What the task requires: Exactly as they appear, print the line with "В салатник выложить" and each line after it through the end of the entries below; leave out pictures.

Input data:
* * *

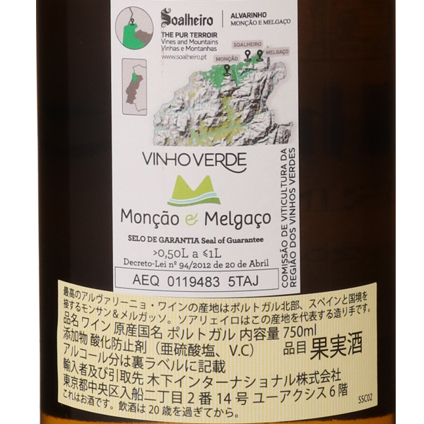 ポルトガル最北端のメルガソは、山々に囲まれ、降雨量・気温・日照量など、アルヴァリーニョ種が生育するのにベストと言える条件を備えます。この特殊なマイクロクライメイトを利用し、1974年にジョアン・アントニオ・セルデイラ氏が最初にアルヴァリーニョ種を植え、1982年に初めて「ソアリェイロ」ブランドをリリースしました。「ソアリェイロ」という名前は、畑の中でも最も日当たりの良い場所の名前から由来しています。
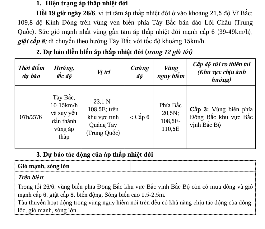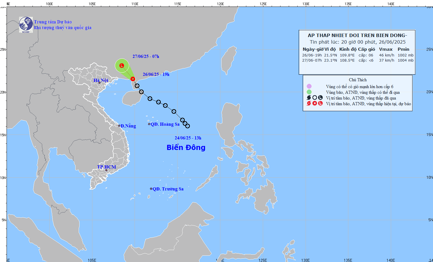 TIN ÁP THẤP NHIỆT ĐỚI TRÊN BIỂN ĐÔNG HỒI 19h00 NGÀY 26/6/2025
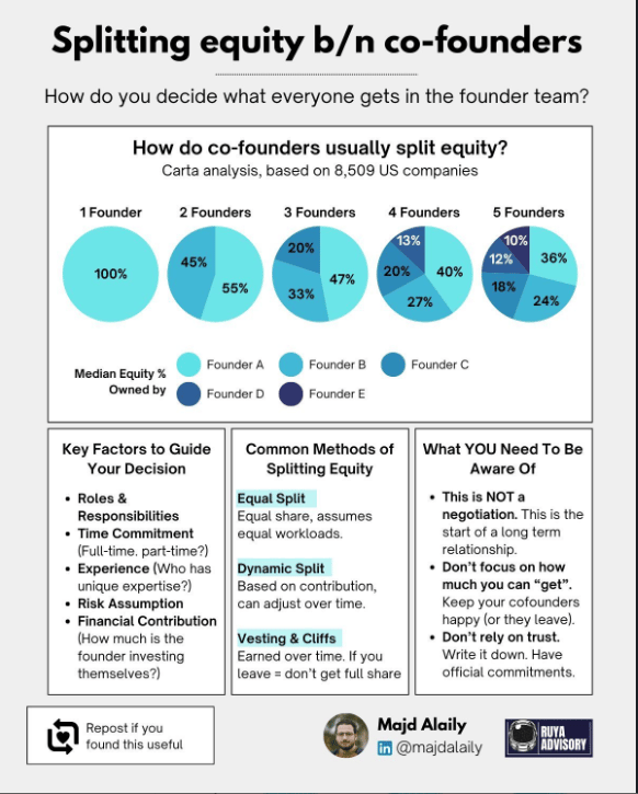Data from Carta, which was based on 8,509 US companies show potential common scenarios in companies with 1-5 co-founders, including median equity owned by each founder.
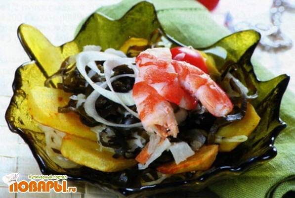 В салатник выложить часть салата, затем слой картофеля, сверху - оставшийся салат. Украсить кольцами лука-порея и креветками.
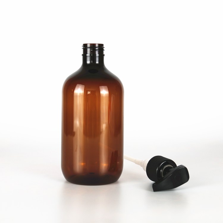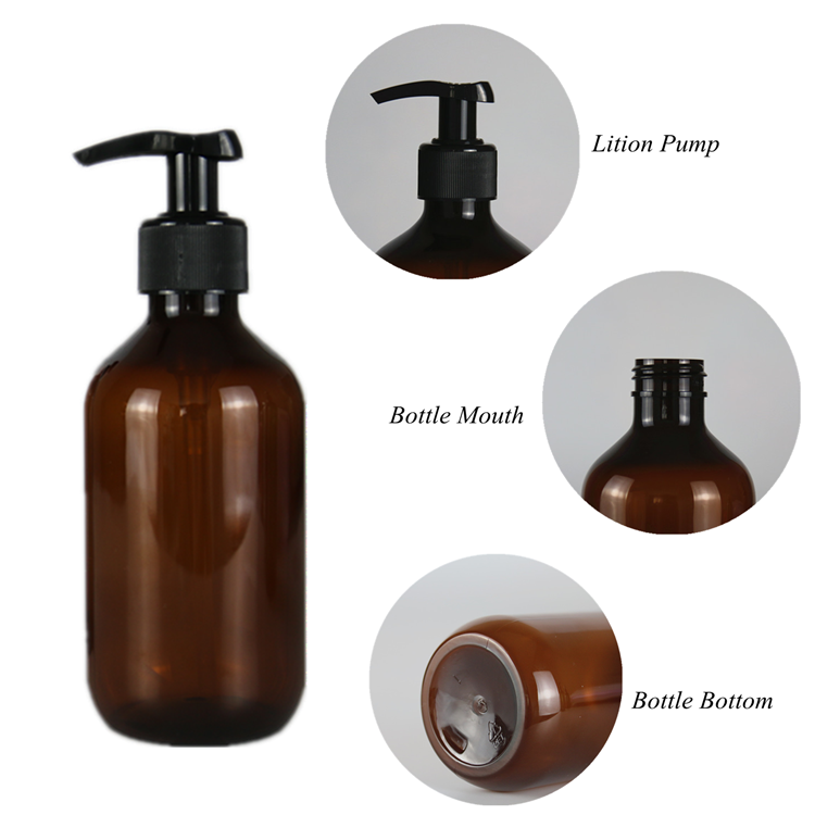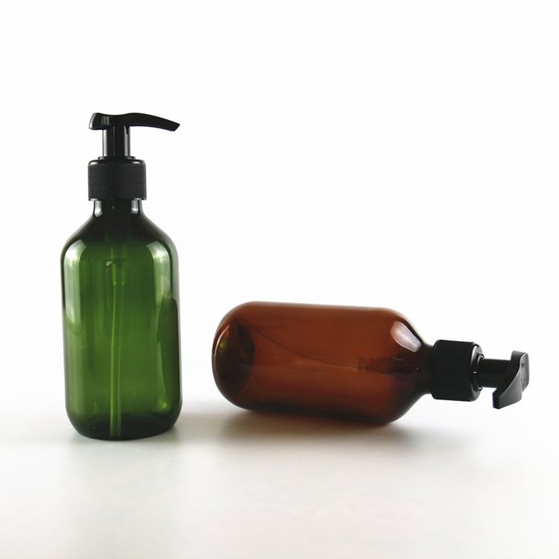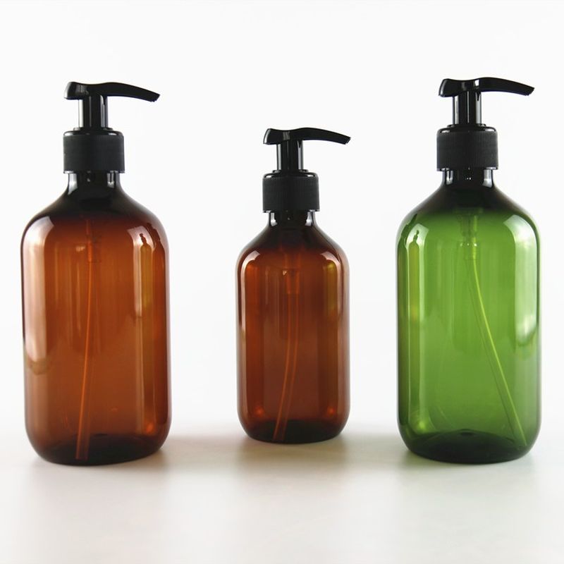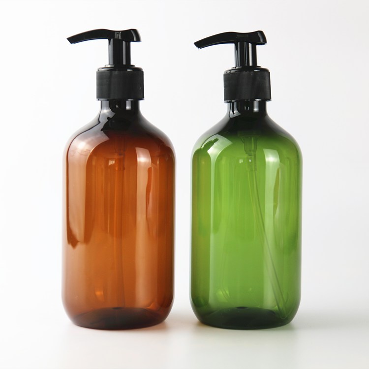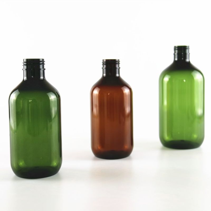 Amber Green Round Shoulder PET Plastic Shampoo Bottle

* * *

Written solution:
 В салатник выложить часть салата, затем слой картофеля, сверху - оставшийся салат. Украсить кольцами лука-порея и креветками.
 Amber Green Round Shoulder PET Plastic Shampoo Bottle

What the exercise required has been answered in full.